Exercise:
Except for images, print the whole listing verbatim.

Supplied information:
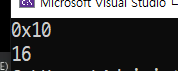 이렇게 %o를 넣은 경우 10을 8진법으로 인식해서 8을 저장하고, %x의 경우는 10을 16진법으로 인식해서 16을 저장하는 것을 알 수 있다.
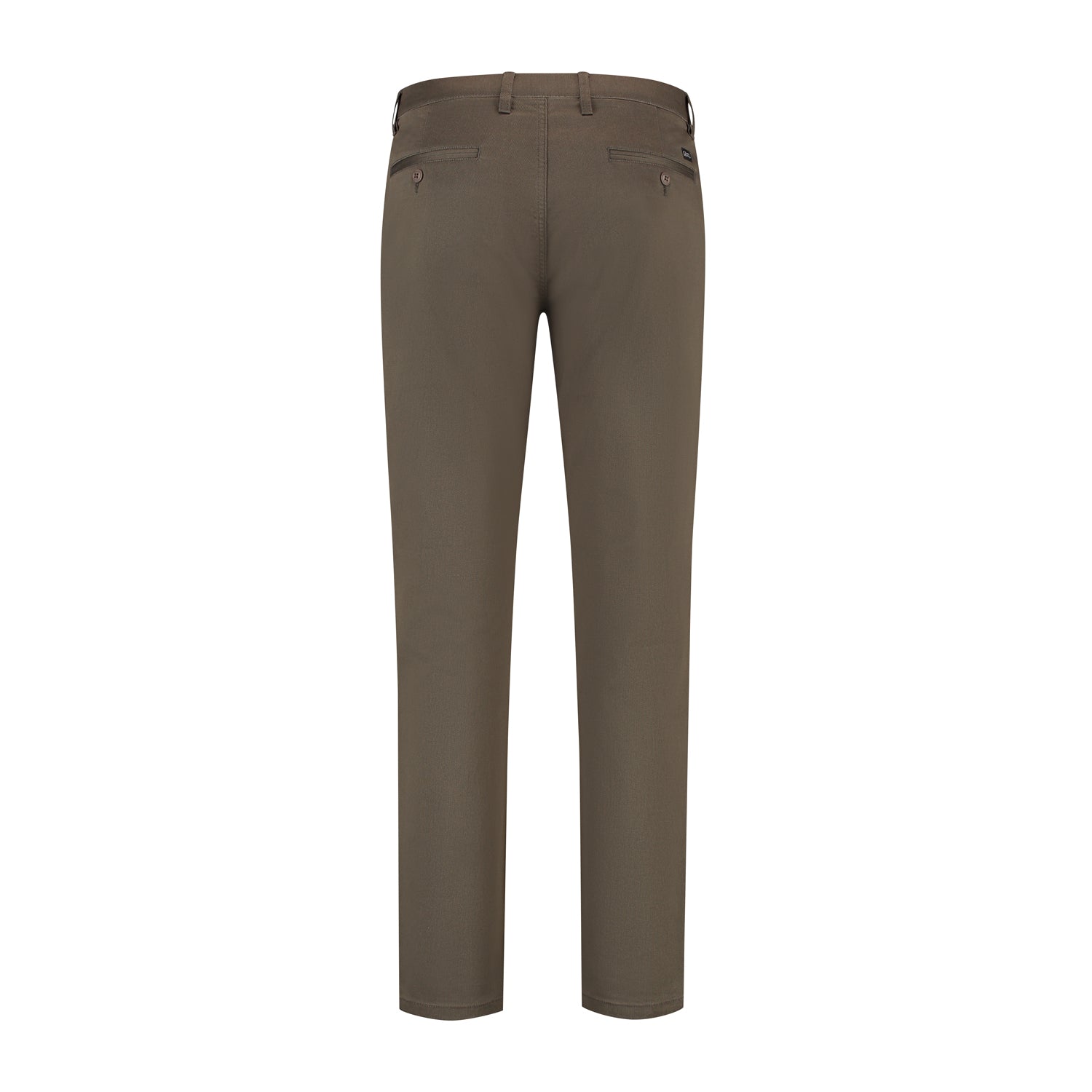 Met ons aanbod heren broeken kun je eindeloos veel combinaties maken. Kies je voor een casual chino dan kies je voor een tijdloze en trendy uitstraling. Een van de belangrijkste voordelen is dat deze broek gemaakt is van een aangenaam zachte stof voor optimaal draagcomfort. Dankzij de hoogwaardige katoen-stretch kwaliteit heeft de broek een ademende werking. Ideaal voor de warmere dagen wanneer je toch representatief en stijlvol voor de dag moet komen. De slijtvaste katoenstof zorgt voor langer draagplezier. Herkenbare details van dit model broek zijn de twee steekzakken aan de voorzijde en de paspelzakken aan de achterkant.
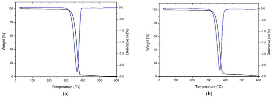 For TGA, samples of approximately 10 mg were placed in a 100 µL aluminium pan and heated from ambient temperature to 600 °C at a constant rate of 10 °C/min under a continuous flow of nitrogen to prevent oxidation. This protocol allowed for the measurement of key thermal parameters, including the onset of degradation (5 wt% loss), 50 wt% mass loss, the end-of-degradation temperature, the maximum rate of decomposition, and the residue at 600 °C. Table 7 summarises the TGA conditions.

Expected answer:
 이렇게 %o를 넣은 경우 10을 8진법으로 인식해서 8을 저장하고, %x의 경우는 10을 16진법으로 인식해서 16을 저장하는 것을 알 수 있다.
 Met ons aanbod heren broeken kun je eindeloos veel combinaties maken. Kies je voor een casual chino dan kies je voor een tijdloze en trendy uitstraling. Een van de belangrijkste voordelen is dat deze broek gemaakt is van een aangenaam zachte stof voor optimaal draagcomfort. Dankzij de hoogwaardige katoen-stretch kwaliteit heeft de broek een ademende werking. Ideaal voor de warmere dagen wanneer je toch representatief en stijlvol voor de dag moet komen. De slijtvaste katoenstof zorgt voor langer draagplezier. Herkenbare details van dit model broek zijn de twee steekzakken aan de voorzijde en de paspelzakken aan de achterkant.
 For TGA, samples of approximately 10 mg were placed in a 100 µL aluminium pan and heated from ambient temperature to 600 °C at a constant rate of 10 °C/min under a continuous flow of nitrogen to prevent oxidation. This protocol allowed for the measurement of key thermal parameters, including the onset of degradation (5 wt% loss), 50 wt% mass loss, the end-of-degradation temperature, the maximum rate of decomposition, and the residue at 600 °C. Table 7 summarises the TGA conditions.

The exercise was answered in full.